- What is expected: In the listing that follows, find the line with "नाजनीन भारती सोशल", then copy exactly from it through the line with "ที่ผมแปลกใจก็คือ ในภาพของท่านฟรานซิส จิตร", leaving out every picture.

- Data under study:

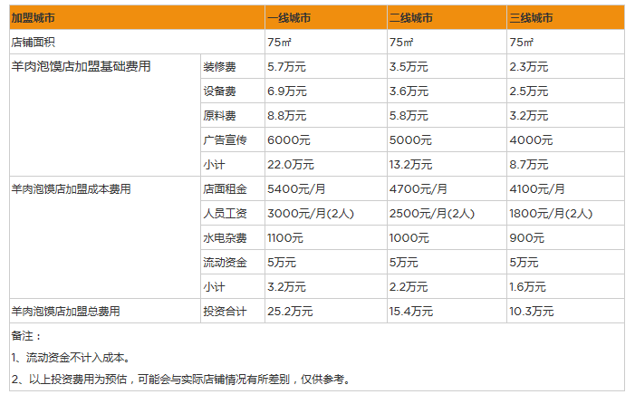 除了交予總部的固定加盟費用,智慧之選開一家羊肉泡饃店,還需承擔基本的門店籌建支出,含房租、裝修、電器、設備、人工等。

...

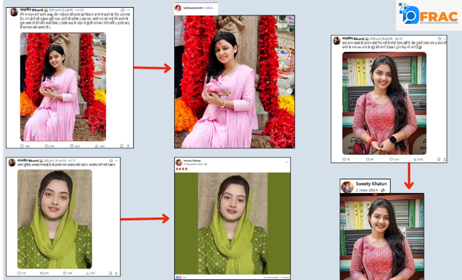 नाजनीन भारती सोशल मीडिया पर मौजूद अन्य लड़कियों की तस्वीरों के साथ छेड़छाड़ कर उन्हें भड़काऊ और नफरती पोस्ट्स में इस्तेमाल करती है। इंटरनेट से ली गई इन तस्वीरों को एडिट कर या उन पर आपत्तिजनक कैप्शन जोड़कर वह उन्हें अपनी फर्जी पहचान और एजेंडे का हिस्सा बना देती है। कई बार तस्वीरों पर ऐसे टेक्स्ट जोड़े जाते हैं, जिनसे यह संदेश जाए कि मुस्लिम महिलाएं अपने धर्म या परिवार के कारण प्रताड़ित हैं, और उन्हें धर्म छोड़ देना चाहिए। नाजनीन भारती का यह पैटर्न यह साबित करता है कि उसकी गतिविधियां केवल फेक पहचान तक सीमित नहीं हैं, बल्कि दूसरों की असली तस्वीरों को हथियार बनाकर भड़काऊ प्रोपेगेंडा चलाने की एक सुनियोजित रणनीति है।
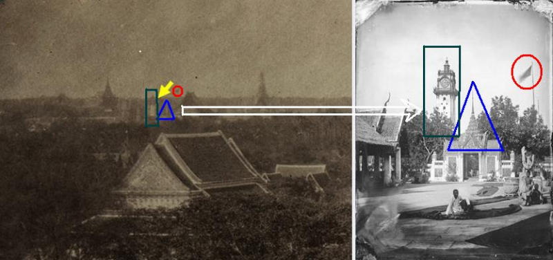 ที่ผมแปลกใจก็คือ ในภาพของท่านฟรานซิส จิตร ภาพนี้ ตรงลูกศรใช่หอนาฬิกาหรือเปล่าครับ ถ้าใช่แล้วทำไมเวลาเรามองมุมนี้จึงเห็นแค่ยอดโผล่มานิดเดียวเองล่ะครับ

* * *

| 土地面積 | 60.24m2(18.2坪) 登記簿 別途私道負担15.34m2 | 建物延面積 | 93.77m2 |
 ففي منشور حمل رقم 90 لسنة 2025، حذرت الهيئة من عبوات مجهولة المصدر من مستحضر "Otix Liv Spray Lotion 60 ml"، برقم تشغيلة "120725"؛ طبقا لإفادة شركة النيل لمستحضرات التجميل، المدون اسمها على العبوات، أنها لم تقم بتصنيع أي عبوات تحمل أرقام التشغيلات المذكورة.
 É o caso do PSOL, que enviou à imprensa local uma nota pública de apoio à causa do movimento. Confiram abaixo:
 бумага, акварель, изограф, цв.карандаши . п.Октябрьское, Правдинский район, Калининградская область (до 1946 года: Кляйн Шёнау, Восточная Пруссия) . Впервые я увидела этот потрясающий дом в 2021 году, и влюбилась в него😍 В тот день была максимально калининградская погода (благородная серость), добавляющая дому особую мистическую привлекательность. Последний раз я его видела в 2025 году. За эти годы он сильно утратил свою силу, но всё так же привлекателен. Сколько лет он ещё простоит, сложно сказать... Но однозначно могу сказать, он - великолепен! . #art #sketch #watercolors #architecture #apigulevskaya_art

- Task solution:
 नाजनीन भारती सोशल मीडिया पर मौजूद अन्य लड़कियों की तस्वीरों के साथ छेड़छाड़ कर उन्हें भड़काऊ और नफरती पोस्ट्स में इस्तेमाल करती है। इंटरनेट से ली गई इन तस्वीरों को एडिट कर या उन पर आपत्तिजनक कैप्शन जोड़कर वह उन्हें अपनी फर्जी पहचान और एजेंडे का हिस्सा बना देती है। कई बार तस्वीरों पर ऐसे टेक्स्ट जोड़े जाते हैं, जिनसे यह संदेश जाए कि मुस्लिम महिलाएं अपने धर्म या परिवार के कारण प्रताड़ित हैं, और उन्हें धर्म छोड़ देना चाहिए। नाजनीन भारती का यह पैटर्न यह साबित करता है कि उसकी गतिविधियां केवल फेक पहचान तक सीमित नहीं हैं, बल्कि दूसरों की असली तस्वीरों को हथियार बनाकर भड़काऊ प्रोपेगेंडा चलाने की एक सुनियोजित रणनीति है।
 ที่ผมแปลกใจก็คือ ในภาพของท่านฟรานซิส จิตร ภาพนี้ ตรงลูกศรใช่หอนาฬิกาหรือเปล่าครับ ถ้าใช่แล้วทำไมเวลาเรามองมุมนี้จึงเห็นแค่ยอดโผล่มานิดเดียวเองล่ะครับ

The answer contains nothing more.